In government, it has sought to bypass IA, hasn’t
reappointed Eddington and won’t commit to cost-benefit assessments until
after political decisions have been made. We have seen this in the
announcements made concerning the East West Link in Melbourne, and
WestConnex in Sydney. In fact on more than one occasion the government
has proceeded with projects IA specifically concluded wouldn’t see a
return on investment for taxpayers.


Abbott claimed that he wanted
to “build the infrastructure of the 21st century”, but he has started to
narrow that rhetoric down to roads.


While the funding envelope
for infrastructure hasn’t been extended, there has been a shift in
priorities. Without independent analysis. It is highly debatable whether
expensive tollways servicing drive-in and drive-out workforces in outer
suburbs is the best way to plan for the future.

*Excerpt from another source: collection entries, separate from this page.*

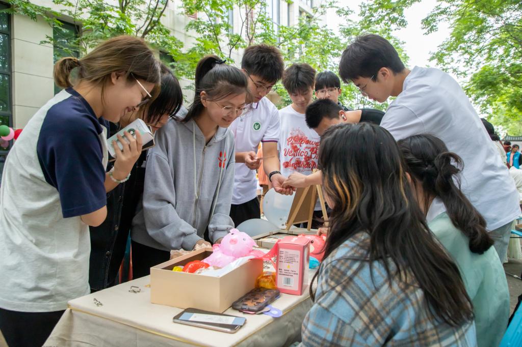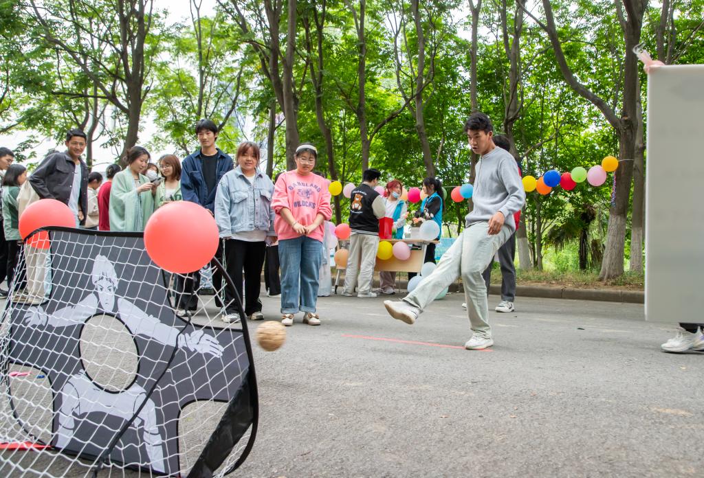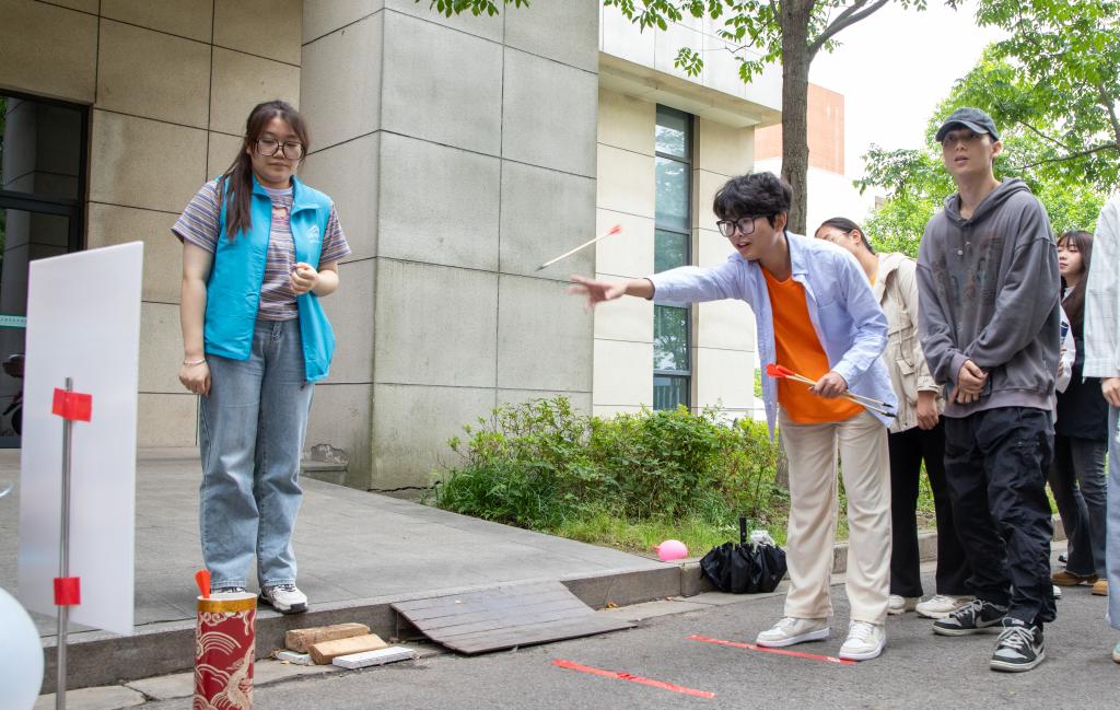一袭华衣,灼灼其华,游园会在《桃花笑》汉服表演拉开帷幕。现场,同学们玩蹴鞠、抽陀螺、投壶、飞花令等一系列“童趣”活动,参与者完成闯关便可获得定制“铜币”,收集到一定数量后,可在旁边的“国风文创集市”上参与抽奖或“购买”古风小礼品等。拍照打卡、游戏“赚钱”、观看表演,同学们玩得不亦乐乎。活动持续近四个小时,同学们意犹未尽,久久不愿散场。
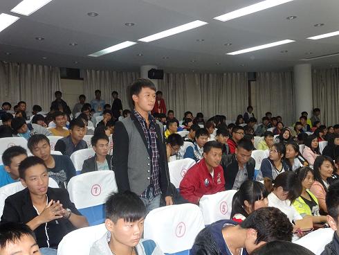报告厅座无虚席,刘军首先结合个人经历与新生们分享了自己一年来的大学生活、经验体会;刘稳向大家介绍了我系现状及学生会工作;王鹏从大学生心理方面向大家谈了大学与高中生活的区别,并分享了如何更快适应大学生活,如何处理好与老师、同学之间的关系;焦潇潇向大家阐述了协会在大学的重要作用,并介绍了营销策划协会近年来取得的成绩;宋政在轻松气氛中与大家谈了大一参加省赛时的酸甜苦辣;钟衡作为实习生代表用亲身经历告诫大家只有珍惜现在才能创造未来。最后提问环节场面更是积极、火爆,犀利的问题,从容的作答,无一不显示出当代大学生积极风貌。整场交流会持续近3小时。
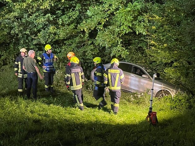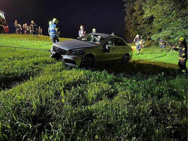 VORAUS Ardagger Markt trifft als erstes am Einsatzort ein und erkundet sie Lage. Ein PKW ist von der Straße abgekommen und über eine steile Wiese bis zum Waldrand abgerutscht. Zwei Personen befinden sich noch im Unfallfahrzeug, scheinen aber entgegen der Alarmmeldung nicht verletzt zu sein. Der kurze Zeit später eintreffende Rettungsdienst kümmert sich in weiterer Folge um die Fahrzeuginsassen.
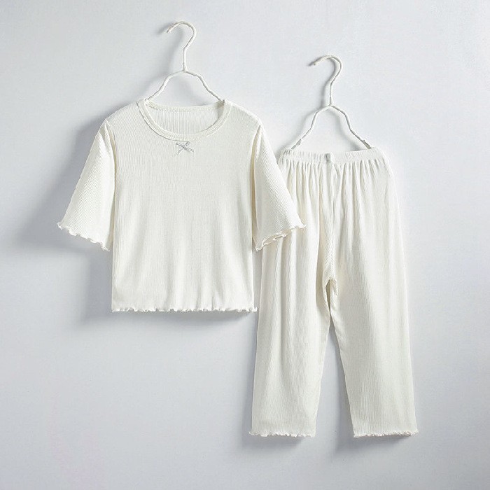 여아용 잠옷 아이스 실크 세트 얇은 모달 홈웨어 여름용 어린이 에어컨 의류 신상 반팔

But claiming to do so
gives the government short-term political capital around “addressing
congestion”. This simplifies a complex planning debate.


More
likely infrastructure enhancements that localise jobs, or urban
consolidation that brings workers closer to existing jobs, need
commonwealth attention. Perhaps this is something the government will
include in its response to the federation white paper.


The problem
with the Coalition’s focus on roads is that to pay for it public
transport funding has been gutted. Cancelled infrastructure projects of
this kind include Brisbane’s Cross River Rail development, and the
Melbourne Metro has been adjusted so it no longer goes through the CBD
(how ridiculous is that).


If we are going to seek urban design
that expands outer suburbs from which workers commute, every major city
in the world shows us that efficient and reliable public transport is
the way to go. It’s cheaper for commuters, faster and more sustainable.
Abbott wrote in his book Battlelines that Australians don’t have a
culture of using public transport. To a certain extent that is true (at
least from a narrow Sydney perspective), but only in so far as we don’t
like using poor services. Who does? Build it and they will come.


Public
transport investment at state level will suffer too because of the
withdrawal of commonwealth attention. When the Feds tie funding for
roads to state government partnerships, it fiscally discourages states
(already suffering from vertical fiscal imbalance) from funding such
investments themselves.


Credit where credit is due: the government
is proceeding with the building of a second airport for Sydney, and its
willingness to invest in new dams after more than 20 years of neglect
is admirable.


But the constant, scripted and inflated rhetoric that Abbott is an infrastructure PM just isn’t supported by the facts.

Peter van Onselen is a professor at the University of Western Australia.